Dear Master is about that relationship, and you might think a play based on a long series of letters by fusty novelists from another century would be mortally bland -- all pompous phrasing and no action -- and it's true that a few people were heard snoring at the Berkeley City Club during Dear Master's opening week. But the play isn't boring, partly because Sand and Flaubert weren't fusty. Sand was a spirited and brilliant woman, full of the optimism Flaubert lacked; and their conversation in Dear Master is accessible even if you're not especially interested in writers or the history of Europe. It's carried along by the story of France itself, which rose up against the vestiges of monarchy in 1848 and went to war with Prussia in 1870, and it becomes a self-standing duet between the two writers' outlooks, cheerfully idealistic vs. misanthropic and sour.
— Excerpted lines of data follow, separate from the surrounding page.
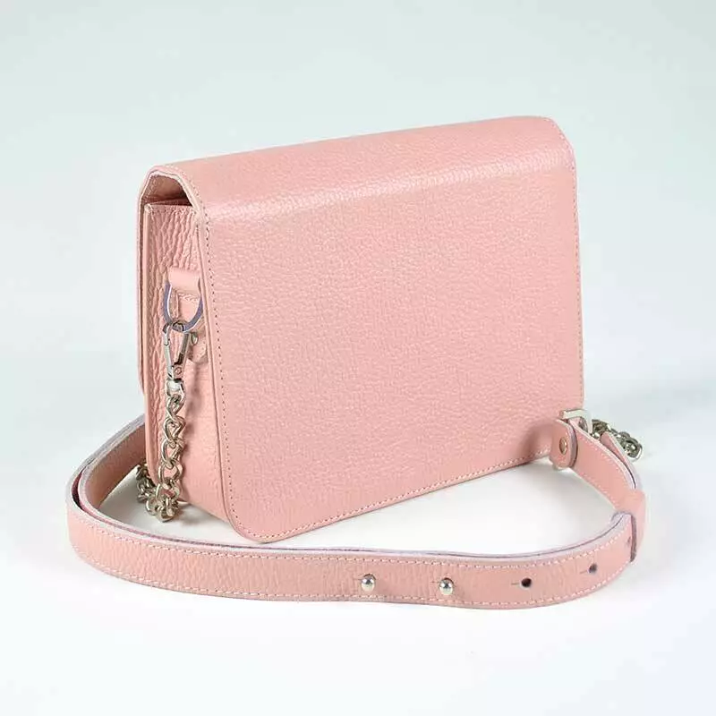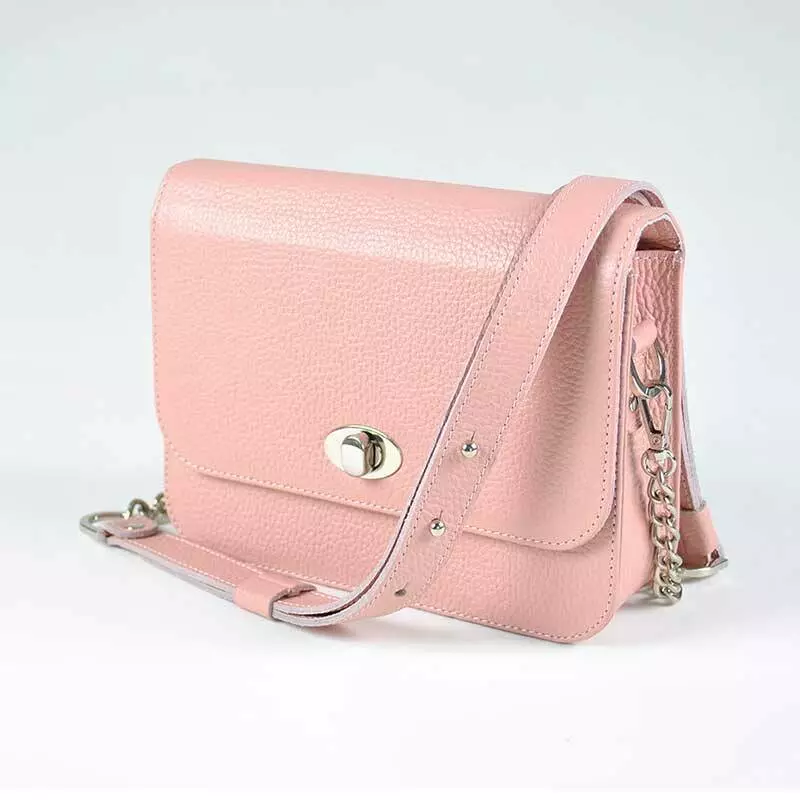 Шкіряна жіноча сумка через плече пошита з натуральної шкіри флотар рожевого кольору .
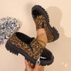 Kadın Büyük Beden Düşük Bilekli Leopar Desenli Ayakkabılar İngiliz Stili Kalın Tabanlı Slip-on Deri Loafer'lar Dış Mekan Rahat Günlük Ayakkabı
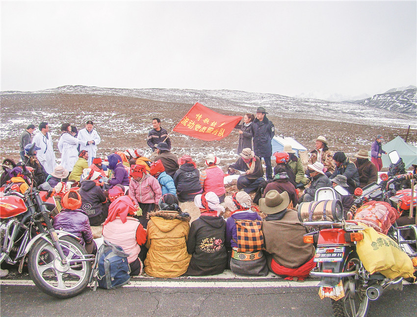 海拔四千米的蟲(chóng)草山上,也有流動(dòng)黨員服務(wù)隊(duì)的身影。
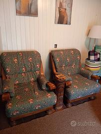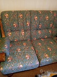 Divano a 3 posti e 2 poltrone stile rustico, in buonissime condizioni. Fantasia a fiori su sfondo verde/turchese. Usato pochissimo. Tutti i cuscini sono sfoderabili ed anche i braccioli imbottiti si possono rimuovere. Solo ritiro a mano a Claut (Pordenone). prezzo trattabile solo se realmente interessati

Since Sand was a woman with a male pen name, and since "Dear Master" is how Flaubert addressed her in his letters, the play could have turned on feminism and gender roles; but it doesn't, and focusing on their temperaments feels both deeper and more dramatic. Sand is an object lesson in female independence anyway; she doesn't need explanation. Barbara Oliver plays her gracefully, managing by turns to seem sweet, impertinent, and bullheaded; novelist Dorothy Bryant actually wrote the role for her in 1991. And Owen Murphy plays Flaubert as a large and blustering man. At first he seems too overbearing, maybe because I've always pictured Flaubert as more quiet than loud, but when the play settles into its groove you forget about the acting altogether. The unlikeliness of finding such a word-bound play absorbing reminds me of something I think a New Yorker critic recently wrote: Good dialogue is action. "Compared to most of what goes on between men and women," Flaubert says at one point, "I think prostitution is an honest transaction." And says Sand, near the end of her life, even after the Franco-Prussian War shows her "a world of hypocrites and criminals": "Hope, my friend, is not a delusion. It is a necessity."